In the United States, the flagship country of this method of shareholder return, American companies are those which have bought back their own shares the most in the world, for a total amount of 773 billion dollars in 2023. However, the amounts devoted to these operations fell by 17% from one year to the next. American tech companies are the ones that have reduced their allocations for share buybacks, with $69 billion less than the previous year. Among them, Microsoft and Meta reduced their buybacks by almost a third, and Apple by a seventh.

Outside the United States, British companies bought back $64.2 billion worth of shares. This amount only decreased by 2.6% compared to the previous year and represents 75% of dividends paid.

Shell is the largest buyer of its own shares outside the United States, accounting for almost a quarter of the total on British soil. But it has also sharply reduced its purchases in 2023, as have BP, BAT, Lloyds and a number of other major UK blue-chip companies. “Significant increases from HSBC, Barclays and others almost offset these reductions, resulting in only a slight overall decline for the year,” adds Janus Henderson.

Buybacks on the rise in Europe

It is especially in Europe that share buybacks are on the rise.
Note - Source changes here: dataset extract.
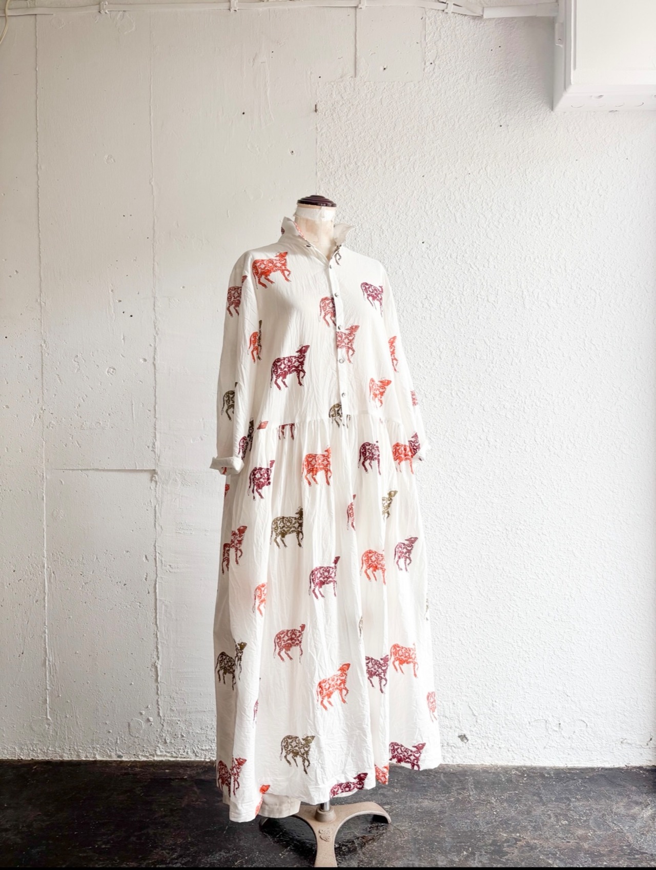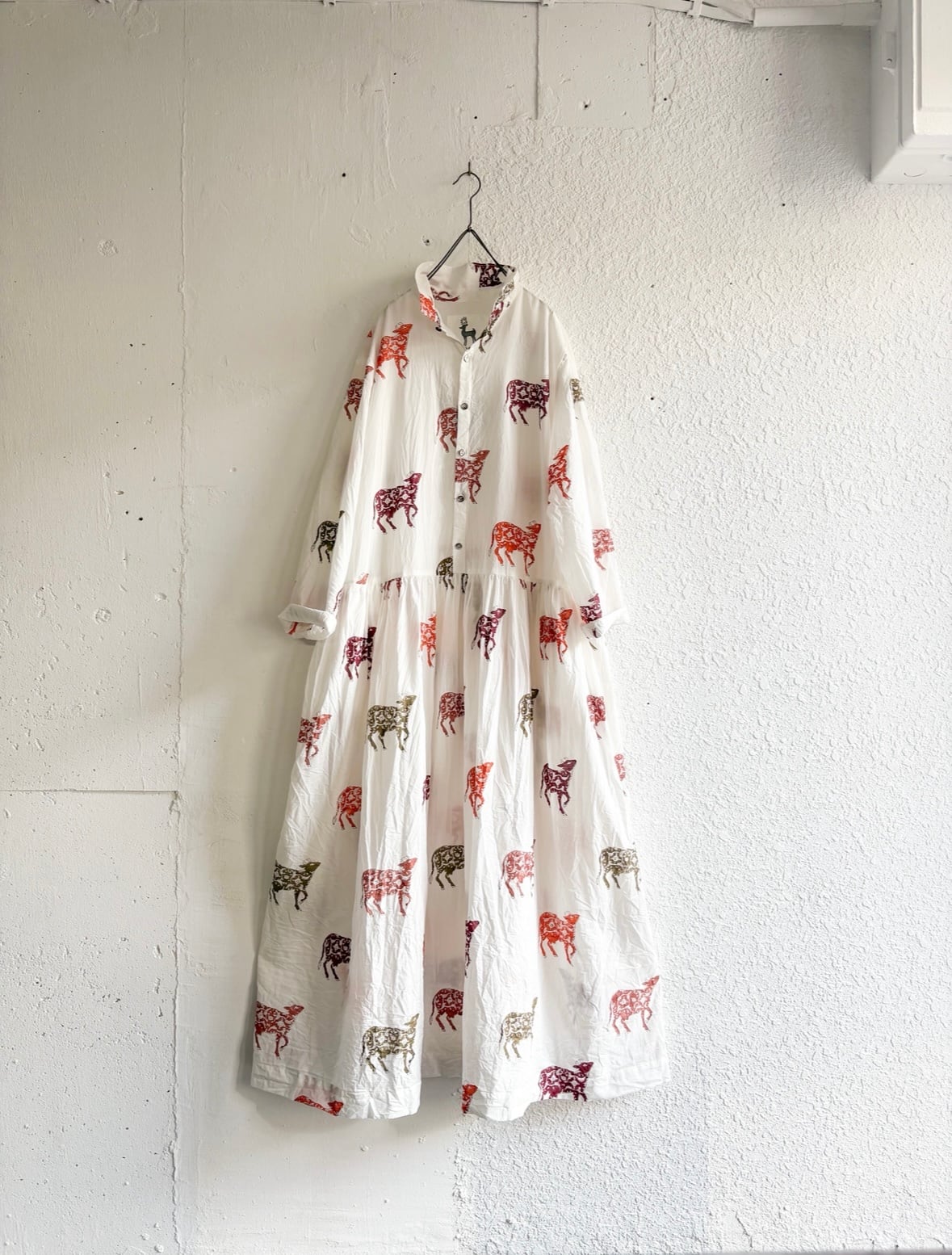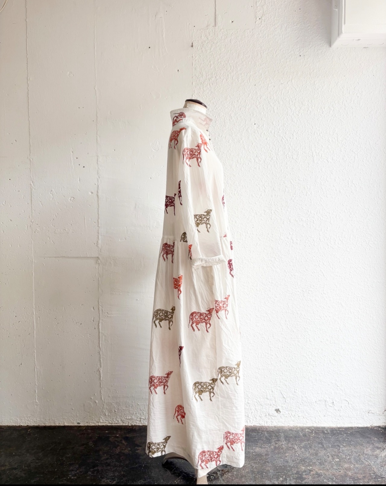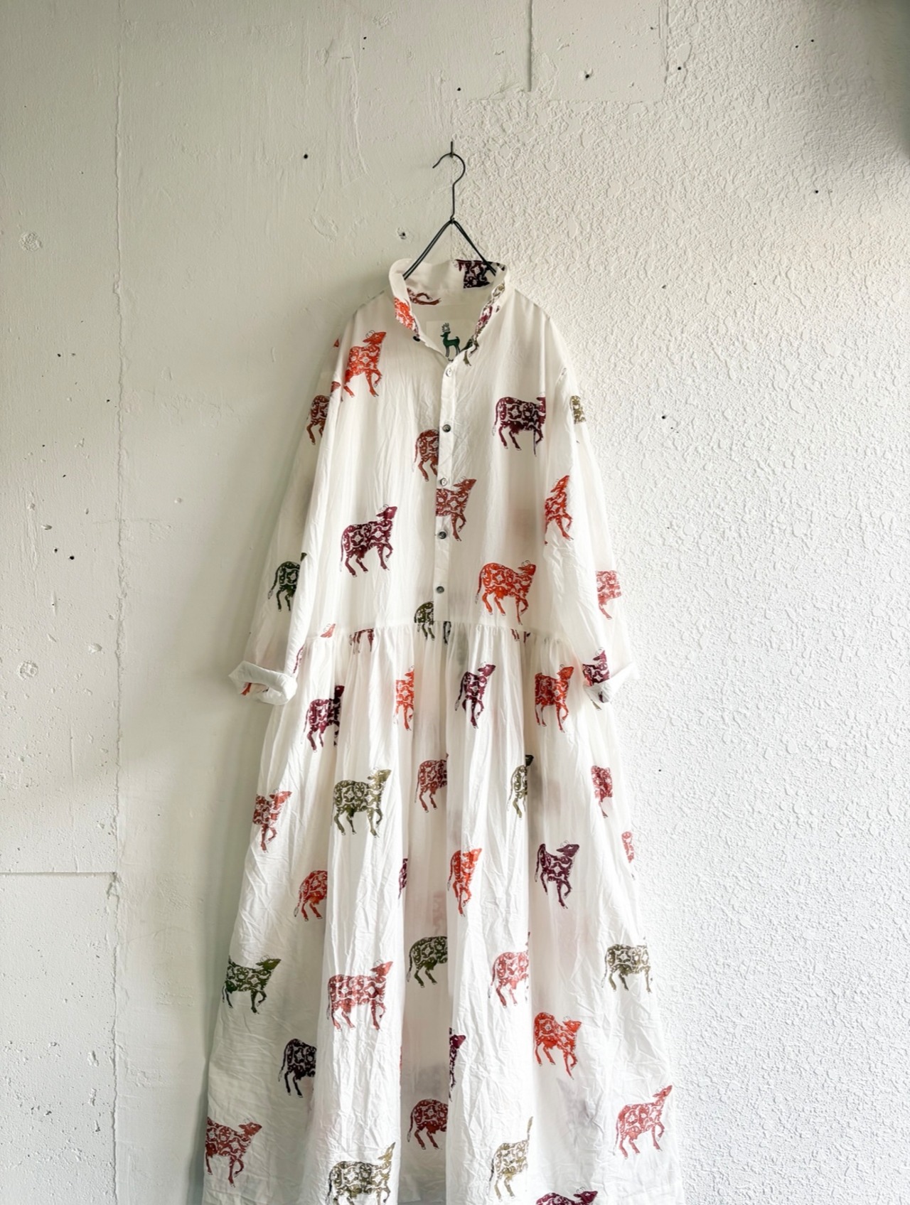India block print プルオーバーシャツワンピース Flower Cow

Across the region, the total amount paid increased by 2.9% to $146 billion in 2023.

Buybacks reached a record level in Italy, driven by Unicredit and Stellantis, in Spain, thanks to Santander, Iberdrola and Telefonica, in Norway (Equinor) and Belgium (AB-Inbev and KBC). But it was in France, Switzerland and the Netherlands that share buybacks were the most significant.

This method of returning to shareholders could be less attractive in France in the future. The government plans to include in the next finance bill (PLF) a measure to tax companies that buy back their own shares, according to Le Figaro.

In Switzerland, on the other hand, the majority of companies have reduced their buybacks, including the giant Nestlé which slashed its shareholder return program by almost half, to amount to $5.8 billion.

“Rising interest rates have played a role in the decline in share buybacks: when debt is cheap, it makes sense for companies to borrow more (provided they do so prudently) and use the proceeds from these borrowings to raise expensive equity capital,” says Ben Lofthouse, head of the Global Equity Income team at Janus Henderson.

“At this point in the cycle, some companies are paying down debt using cash that could have been devoted to share buybacks, but very few are cutting dividends, as our upcoming Global Dividend Index will show,” he continues.

Should we expect buybacks to stall again in 2024? “It’s tempting to extrapolate a further downward trend in repurchases. But one year of declines from multi-year highs is not evidence of this trend. It’s a matter of companies finding the right balance between capital expenditure, their financing requirements and shareholder returns via dividends, buybacks or both,” concludes Ben Lofthouse.